RTP and RTCP is the protocol that handles all media transport for WebRTC. It was defined in RFC 1889 in January 1996. We are very lucky to have one of the authors Ron Frederick talk about it himself. Ron recently uploaded Network Video tool to GitHub, a project that informed RTP.
In his own words #
In October of 1992, I began to experiment with the Sun VideoPix frame grabber card, with the idea of writing a network videoconferencing tool based upon IP multicast. It was modeled after “vat” – an audioconferencing tool developed at LBL, in that it used a similar lightweight session protocol for users joining into conferences, where you simply sent data to a particular multicast group and watched that group for any traffic from other group members.
In order for the program to really be successful, it needed to compress the video data before putting it out on the network. My goal was to make an acceptable looking stream of data that would fit in about 128 kbps, or the bandwidth available on a standard home ISDN line. I also hoped to produce something that was still watchable that fit in half this bandwidth. This meant I needed approximately a factor of 20 in compression for the particular image size and frame rate I was working with. I was able to achieve this compression and filed for a patent on the techniques I used, later granted as patent US5485212A: Software video compression for teleconferencing.
In early November of 1992, I released the videoconferencing tool “nv” (in binary form) to the Internet community. After some initial testing, it was used to videocast parts of the November Internet Engineering Task Force all around the world. Approximately 200 subnets in 15 countries were capable of receiving this broadcast, and approximately 50-100 people received video using “nv” at some point in the week.
Over the next couple of months, three other workshops and some smaller meetings used “nv” to broadcast to the Internet at large, including the Australian NetWorkshop, the MCNC Packet Audio and Video workshop, and the MultiG workshop on distributed virtual realities in Sweden.

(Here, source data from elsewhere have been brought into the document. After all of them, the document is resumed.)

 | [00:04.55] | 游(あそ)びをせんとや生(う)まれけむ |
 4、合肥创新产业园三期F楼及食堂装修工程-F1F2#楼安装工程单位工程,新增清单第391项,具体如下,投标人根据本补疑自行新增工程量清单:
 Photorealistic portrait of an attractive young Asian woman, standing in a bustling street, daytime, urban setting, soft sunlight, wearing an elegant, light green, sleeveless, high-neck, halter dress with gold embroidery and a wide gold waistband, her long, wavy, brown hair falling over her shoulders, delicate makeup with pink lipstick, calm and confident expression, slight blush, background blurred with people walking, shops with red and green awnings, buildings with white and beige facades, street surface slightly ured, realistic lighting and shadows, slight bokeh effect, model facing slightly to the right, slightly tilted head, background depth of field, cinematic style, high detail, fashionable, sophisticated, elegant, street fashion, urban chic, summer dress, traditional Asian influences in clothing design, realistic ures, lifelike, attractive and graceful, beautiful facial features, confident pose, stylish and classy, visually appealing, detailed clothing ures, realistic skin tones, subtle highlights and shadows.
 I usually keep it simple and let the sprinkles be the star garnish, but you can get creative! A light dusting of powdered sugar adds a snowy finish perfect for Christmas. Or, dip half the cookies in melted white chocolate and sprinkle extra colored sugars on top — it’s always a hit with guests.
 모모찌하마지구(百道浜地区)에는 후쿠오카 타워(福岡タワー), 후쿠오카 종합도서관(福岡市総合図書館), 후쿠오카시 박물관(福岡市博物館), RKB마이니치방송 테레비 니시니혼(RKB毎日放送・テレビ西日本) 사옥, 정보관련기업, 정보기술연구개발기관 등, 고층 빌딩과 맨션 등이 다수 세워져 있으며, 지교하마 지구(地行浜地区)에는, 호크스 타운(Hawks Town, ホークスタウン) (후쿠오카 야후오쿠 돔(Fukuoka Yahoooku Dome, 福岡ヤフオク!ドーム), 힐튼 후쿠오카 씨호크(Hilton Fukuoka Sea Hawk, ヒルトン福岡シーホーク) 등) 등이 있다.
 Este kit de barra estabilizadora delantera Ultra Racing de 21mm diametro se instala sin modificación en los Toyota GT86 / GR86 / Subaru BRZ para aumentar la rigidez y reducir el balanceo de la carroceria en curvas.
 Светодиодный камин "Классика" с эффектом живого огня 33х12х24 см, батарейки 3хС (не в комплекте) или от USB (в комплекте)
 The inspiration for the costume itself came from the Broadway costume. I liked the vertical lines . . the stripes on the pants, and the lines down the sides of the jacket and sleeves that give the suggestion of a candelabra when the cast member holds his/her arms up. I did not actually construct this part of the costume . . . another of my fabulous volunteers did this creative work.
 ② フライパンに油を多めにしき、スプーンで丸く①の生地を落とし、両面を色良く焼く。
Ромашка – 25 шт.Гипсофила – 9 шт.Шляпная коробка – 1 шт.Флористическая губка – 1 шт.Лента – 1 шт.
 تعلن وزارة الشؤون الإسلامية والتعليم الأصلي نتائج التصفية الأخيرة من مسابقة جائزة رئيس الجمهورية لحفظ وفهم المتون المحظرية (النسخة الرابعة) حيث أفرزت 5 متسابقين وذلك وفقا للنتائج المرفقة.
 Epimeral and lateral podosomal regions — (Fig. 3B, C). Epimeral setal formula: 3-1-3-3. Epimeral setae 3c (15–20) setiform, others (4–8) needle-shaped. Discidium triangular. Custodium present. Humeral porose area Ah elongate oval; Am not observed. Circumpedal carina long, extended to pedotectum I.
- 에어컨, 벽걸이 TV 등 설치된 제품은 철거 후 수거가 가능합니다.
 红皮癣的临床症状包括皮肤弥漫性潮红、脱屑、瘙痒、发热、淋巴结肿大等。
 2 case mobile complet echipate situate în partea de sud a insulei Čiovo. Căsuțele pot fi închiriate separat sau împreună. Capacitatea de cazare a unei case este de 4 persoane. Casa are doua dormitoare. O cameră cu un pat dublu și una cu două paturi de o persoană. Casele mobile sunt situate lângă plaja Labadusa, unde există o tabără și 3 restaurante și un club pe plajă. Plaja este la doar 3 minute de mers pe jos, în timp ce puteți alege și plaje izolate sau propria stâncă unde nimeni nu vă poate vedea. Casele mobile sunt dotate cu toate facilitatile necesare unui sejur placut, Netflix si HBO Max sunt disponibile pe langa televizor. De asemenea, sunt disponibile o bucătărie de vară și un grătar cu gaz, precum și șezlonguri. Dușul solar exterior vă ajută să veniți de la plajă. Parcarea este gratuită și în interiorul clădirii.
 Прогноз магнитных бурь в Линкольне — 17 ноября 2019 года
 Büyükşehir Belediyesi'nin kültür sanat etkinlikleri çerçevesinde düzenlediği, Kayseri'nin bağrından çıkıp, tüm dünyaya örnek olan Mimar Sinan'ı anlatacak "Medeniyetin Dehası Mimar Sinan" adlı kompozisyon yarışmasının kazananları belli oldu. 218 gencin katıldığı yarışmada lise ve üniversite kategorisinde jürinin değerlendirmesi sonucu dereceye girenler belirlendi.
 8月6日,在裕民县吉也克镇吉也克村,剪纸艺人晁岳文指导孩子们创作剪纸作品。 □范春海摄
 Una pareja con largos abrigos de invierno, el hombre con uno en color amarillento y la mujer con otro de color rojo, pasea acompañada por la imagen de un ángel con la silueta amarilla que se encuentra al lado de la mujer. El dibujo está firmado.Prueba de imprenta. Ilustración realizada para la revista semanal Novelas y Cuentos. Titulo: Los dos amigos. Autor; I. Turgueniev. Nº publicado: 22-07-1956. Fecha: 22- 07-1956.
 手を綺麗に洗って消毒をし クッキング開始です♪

A source code release of “nv” followed in February of 1993, and in March I released a version of the tool where I introduced a new wavelet-based compression scheme. In May of 1993, I added support for color video.
The network protocol used for “nv” and other Internet conferencing tools became the basis of the Realtime Transport Protocol (RTP), standardized through the Internet Engineering Task Force (IETF), first published in RFCs 1889-1890 and later revised in RFCs 3550-3551 along with various other RFCs that covered profiles for carrying specific formats of audio and video.
Over the next couple of years, work continued on “nv”, porting the tool to a number of additional hardware platforms and video capture devices. It continued to be used as one of the primary tools for broadcasting conferences on the Internet at the time, including being selected by NASA to broadcast live coverage of shuttle missions online.
In 1994, I added support in “nv” for supporting video compression algorithms developed by others, including some hardware compression schemes such as the CellB format supported by the SunVideo video capture card. This also allowed “nv” to send video in CUSeeMe format, to send video to users running CUSeeMe on Macs and PCs.
The last publicly released version of “nv” was version 3.3beta, released in July of 1994. I was working on a “4.0alpha” release that was intended to migrate “nv” over to version 2 of the RTP protocol, but this work was never completed due to my moving on to other projects. A copy of the 4.0 alpha code is included in the Network Video tool archive for completeness, but it is unfinished and there are known issues with it, particularly in the incomplete RTPv2 support.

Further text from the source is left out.